Things happen very quickly in the world of excitable membranes (just think about how quickly you can snap your fingers as soon as you decide to do it). Immediately following depolarization of the membrane, it repolarizes, re-establishing the negative membrane potential. Meanwhile, the ACh in the synaptic cleft is degraded by the enzyme acetylcholinesterase (AChE) so that the ACh cannot rebind to a receptor and reopen its channel, which would cause unwanted extended muscle excitation and contraction.
Propagation of an action potential along the sarcolemma is the excitation portion of excitation-contraction coupling. Recall that this excitation actually triggers the release of calcium ions (Ca+2) from its storage in the cell’s SR. The T-tubules carry the action potential into the interior of the cell, which triggers the opening of calcium channels in the membrane of the adjacent SR, causing Ca+2 to diffuse out of the SR and into the sarcoplasm. It is the arrival of Ca+2 in the sarcoplasm that initiates contraction of the muscle fiber by its contractile units, or sarcomeres.
Skeletal Myocytes—Myoblast Fusion, Myotube Organization in Skeletal Muscle Tissue and Satellite Cells
Each skeletal muscle fiber is a single skeletal muscle cell, also known as a skeletal myocyte (“myo-” refers to “muscle” and “-cyte” refers to “cell”), that is formed from the fusion of precursor cells. As described before, cell fusion leads to multinucleation of each mature muscle fiber. Each myoblast, the embryonic cell type that differentiates into muscle, contributes one nucleus when the muscle fiber is formed during development.
During development, individual myoblasts (“-blast” refers to “building” … like osteoblasts), migrate to different regions in the body and then fuse to form a myotube. A myotube is a type of syncytium, which is the term used for a group of fused cells. Skeletal muscle cells are multinucleate because the syncytium (“syn-” means “same” and “cyt” refers to “cytoplasm”) fusion retains the nucleus of each contributing myoblast. This syncytium leads to the collective sarcoplasm and sarcolemma, described above.
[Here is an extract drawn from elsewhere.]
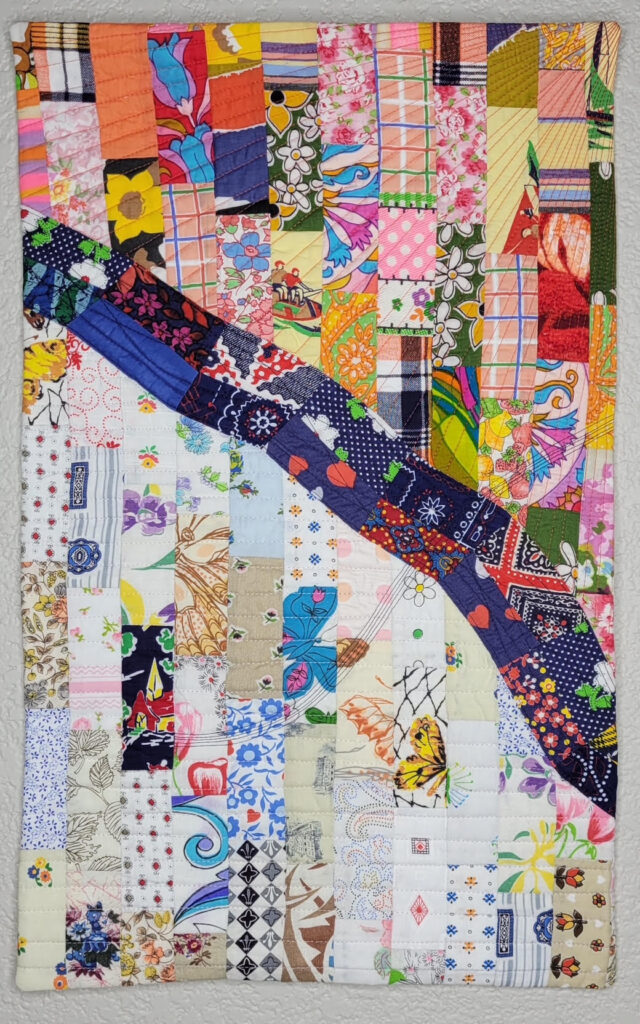 I’ve been making things with thread, fabric and yarn since high school. Back in 2001 I started selling one-of-a-kind children’s clothing made from vintage tablecloths and loved the design process of my business. After the economic downturn in 2010, I took a five year break from sewing and went back to the business world full time. Once my children were older, I thought I would try to use my left over scraps of vintage white on white linens into a quilt idea using hexagons and triangles. While the quilt turned out beautiful, I quickly remembered why I never went down the quilting path…I did not have the patience for the accuracy needed in piecing blocks. When I researched quilt designs on Pinterest, I came across improv style quilts and began experimenting with a design concept not constrained by accuracy.
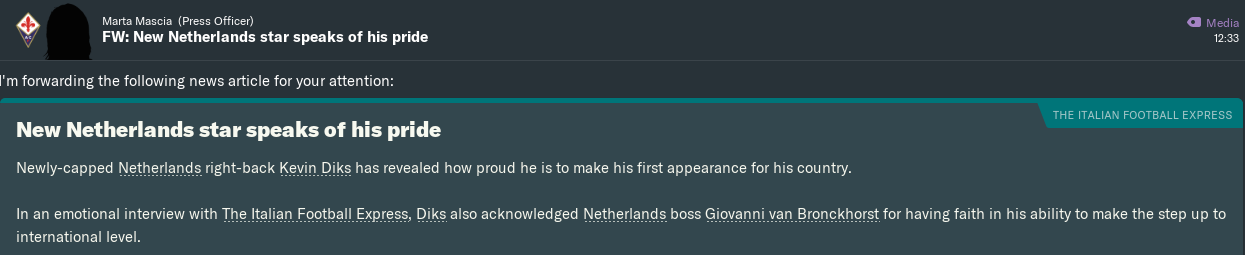 Italy also enjoyed a couple of emphatic friendly wins, thanks to a couple of Viola players. Bernardeschi scored twice against Boliva and once against South Korea, with Emerson also finding the net in the latter game.

Mature muscle does not grow by this process. Mature cells can change in size, but new cells are not formed when muscles grow. Instead, structural proteins are added to muscle fibers in a process called hypertrophy. The reverse, when structural proteins are lost and muscle mass decreases, is called atrophy. Cellular components of muscles can also undergo changes in response to changes in muscle use.
Although the number of muscle cells is set during development, satellite cells help to repair skeletal muscle fibers. Satellite cells are similar to myoblasts in that they are able to divide, fuse and differentiate. These satellite cells are located outside the muscle fibers and are stimulated to grow and fuse with muscle cells by growth factors that are released by muscle fibers under certain forms of stress. Satellite cells can regenerate muscle fibers to a very limited extent, but they primarily help to repair damage in living cells. Satellite cells facilitate the protein synthesis required for repair and growth. If a cell is damaged to a greater extent than can be repaired by satellite cells, the muscle fibers are replaced by scar tissue in a process called fibrosis. Because scar tissue cannot contract, muscle that has sustained significant damage loses strength and cannot produce the same amount of force or endurance as it could before being damaged.